Il ne faut point oublier que les amis de Valentine avaient besoin d’un conseil judiciaire compétent presque autant que d’un habile médecin. Deux menaces étaient suspendues sur la tête de cette chère jeune fille, entourée d’amis si dévoués, et la plus cruelle des deux menaces n’était peut-être pas la maladie.

Le docteur Samuel, en qui tout le monde avait confiance, avait dit en effet : « Si elle perd celui qu’elle aime, elle mourra. »

C’était précis comme un arrêt.

Le personnage dont nous parlons n’est pas tout à fait un inconnu pour le docteur ; il nous fut présenté jadis à l’hôtel de la rue Thérèse, chez le colonel Bozzo-Corona, sous le nom du « docteur en droit. »

Il s’appelait M. Portal-Girard, et c’était lui qui, après un examen approfondi de la situation de Maurice, avait prononcé en quelque sorte une sentence prophétique en déclarant que le jeune lieutenant de spahis ne pouvait pas être acquitté.

C’était lui, en outre, qui avait ouvert l’avis d’une évasion à tenter. Cet expédient, qui est le plus extra-judiciaire de tous, n’est pas mis en avant d’ordinaire par les jurisconsultes, mais de même que les médecins trop savants deviennent fréquemment sceptiques à l’endroit de la médecine, de même les adeptes qui sont descendus tout au fond des secrets de la jurisprudence se sentent pris souvent d’un douloureux et terrible dédain pour la justice humaine.

On dirait qu’en toutes choses la science est l’ennemie de la foi.

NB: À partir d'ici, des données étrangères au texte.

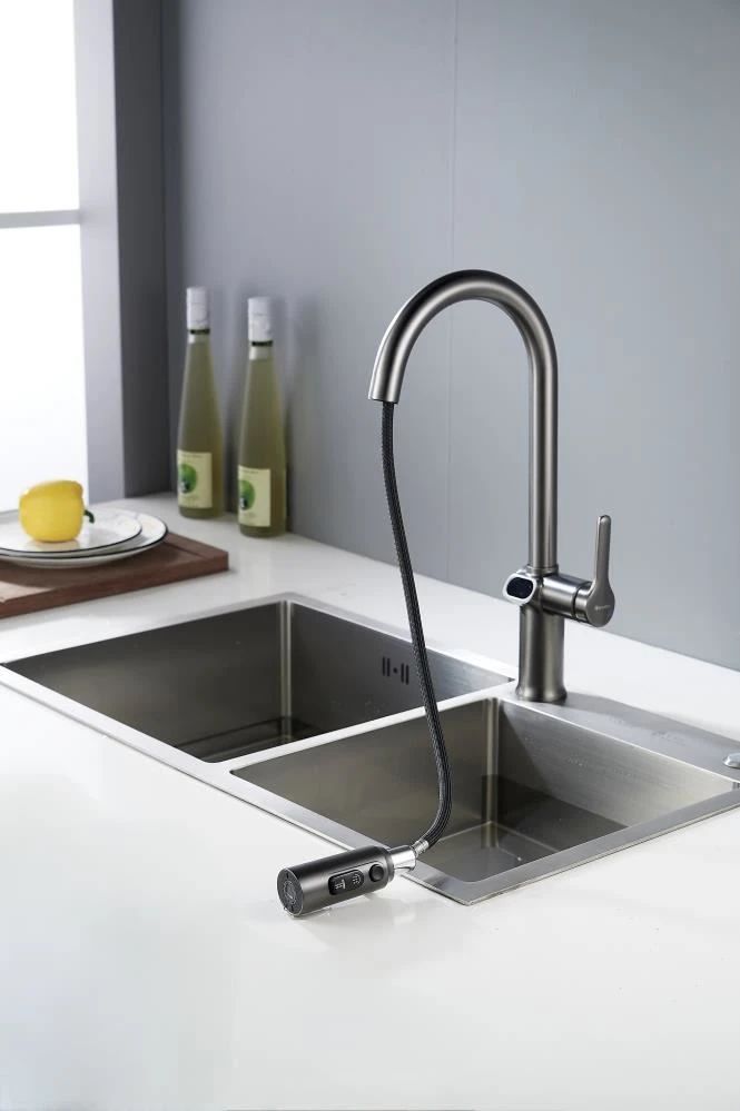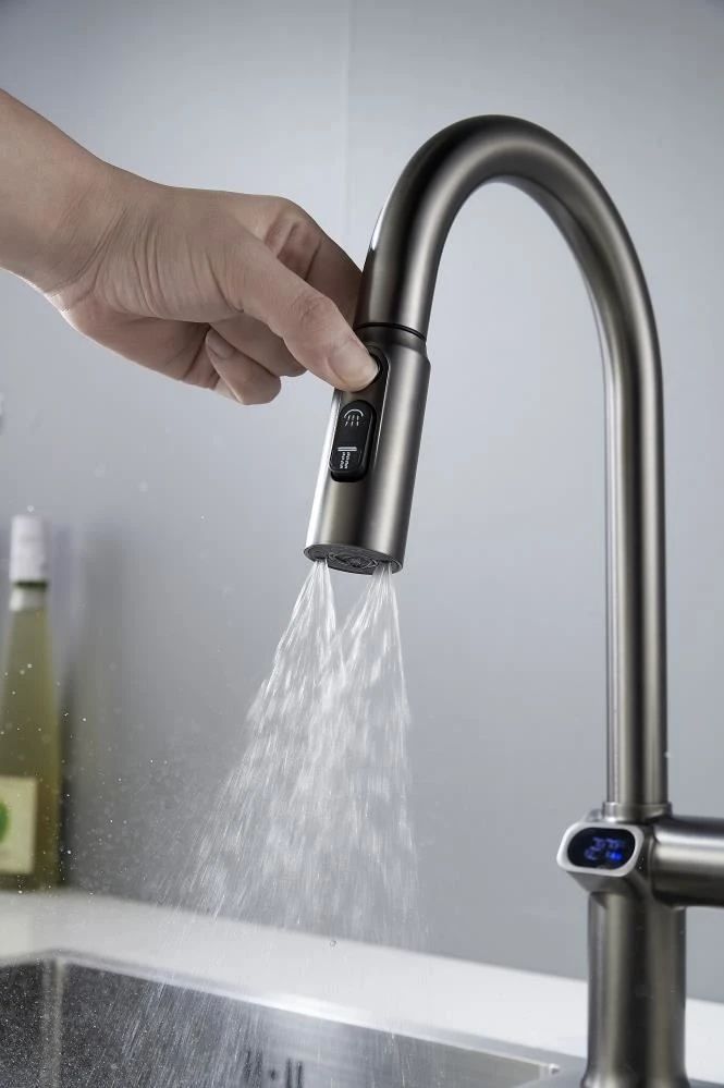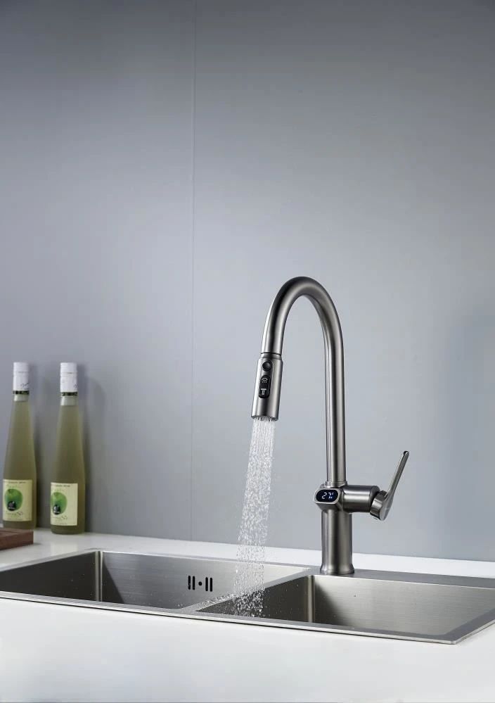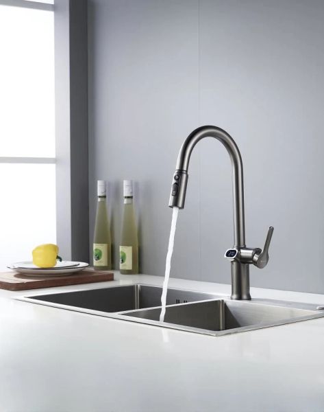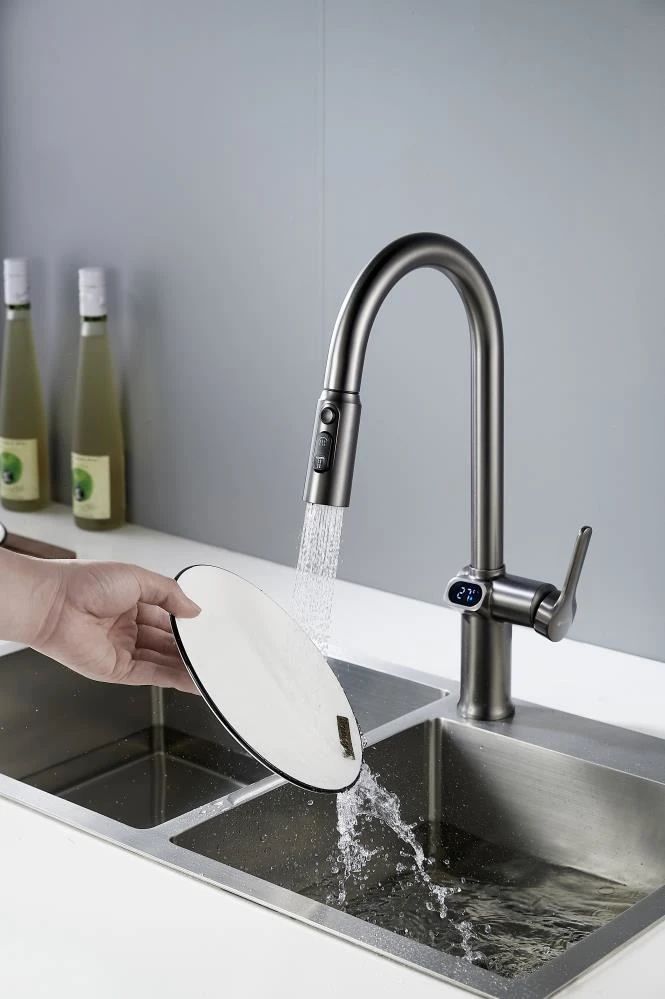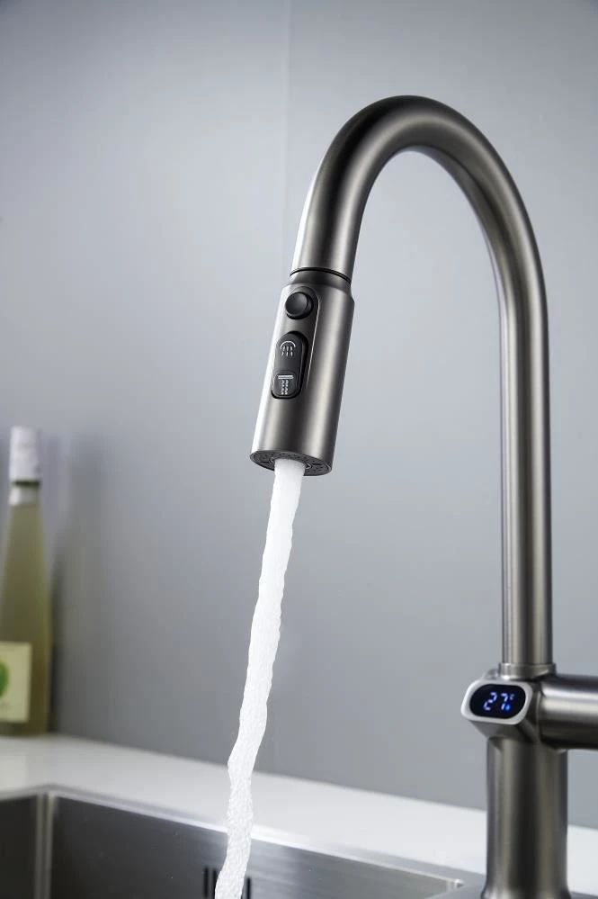 Смеситель для кухни с индикатором температуры Knotlor KN-100/GM, вороненая сталь

Ici, d’ailleurs, à vrai dire, la loi n’était pas en cause, non plus que la valeur morale de ceux qui sont chargés de l’appliquer.

M. Portal-Girard, consulté par une famille en détresse qui lui disait : « Nous voulons sauver le lieutenant Maurice et nous ne voulons que cela, » ne prenait point la peine d’avoir un avis sur le fond même de la question, c’est-à-dire sur la culpabilité ou sur l’innocence de l’accusé.

Il raisonnait au point de vue du problème qu’on lui avait donné à résoudre, le salut de Maurice, et il disait avec une grande apparence de vérité : « Qu’il soit innocent ou coupable, la situation est la même puisque les apparences l’écrasent ; les juges le condamneront, les juges ne peuvent pas ne point le condamner ; il n’y a personne ici qui ne le condamnât s’il était juge. En conséquence, puisque votre nécessité est de le sauver, il faut agir en dehors des juges et même contre les juges. »

La logique de ce docteur en droit en valait bien une autre.

Nous avons dit que maman Léo avait repris toute sa vaillance au moment d’affronter pour la première fois de sa vie l’entrée d’un salon du grand monde. Malgré l’habitude qu’elle avait, selon le dire de son enseigne, d’être accueillie avec la plus haute distinction par les principales cours de l’Europe, il lui avait fallu un grand effort sur elle-même pour dompter son embarras préalable, et nous devons ajouter que son audace factice était plutôt une réaction contre l’insolence de Mlle Victoire.

En traversant l’antichambre, elle achevait de s’aguerrir et se représentait toutes ces vieilles et nobles têtes, rangées en demi-cercle autour du lit de Valentine, immobile et raide entre ses draps, comme une princesse des salons de cire.

— Je ne baisserai pas les yeux devant eux, pensait-elle, je ne leur dois rien, pas vrai ? et il y en a au moins deux que je connais pour les avoir vus à la baraque. J’irai tout droit à la chérie et je l’embrasserai en disant : « La voilà, maman Léo, elle est là pour un coup, et ceux qui voudraient te faire du chagrin trouveront désormais à qui causer ! »

Comme elle arrivait à la porte, M. Constant la dépassa vivement, ouvrit et dit à voix basse :

— Madame veuve Samayoux !

Puis il s’effaça, et la dompteuse se trouva sur le seuil, non point en face d’un orgueilleux cénacle, composé de gens assis et fixant sur elle des regards hautains, mais bien vis-à-vis d’une vieille dame en cheveux blancs, à l’air doux et triste, qui avait fait plusieurs pas à sa rencontre.

Derrière cette bonne dame, les autres membres de la famille étaient debout, dans l’attitude qu’on garde quand on vient de se lever pour faire honneur à un nouvel arrivant.

Personne n’était resté assis, pas même le colonel Bozzo, que la veuve reconnut, blême et presque tremblant, appuyé sur l’épaule de la comtesse Corona, pas même le prince, que la veuve devina du premier coup d’œil et à qui son imagination prêta tout de suite un aspect auguste.

Elle ne s’attendait pas à cela, et toute son audace tomba devant la simplicité solennelle de cet accueil.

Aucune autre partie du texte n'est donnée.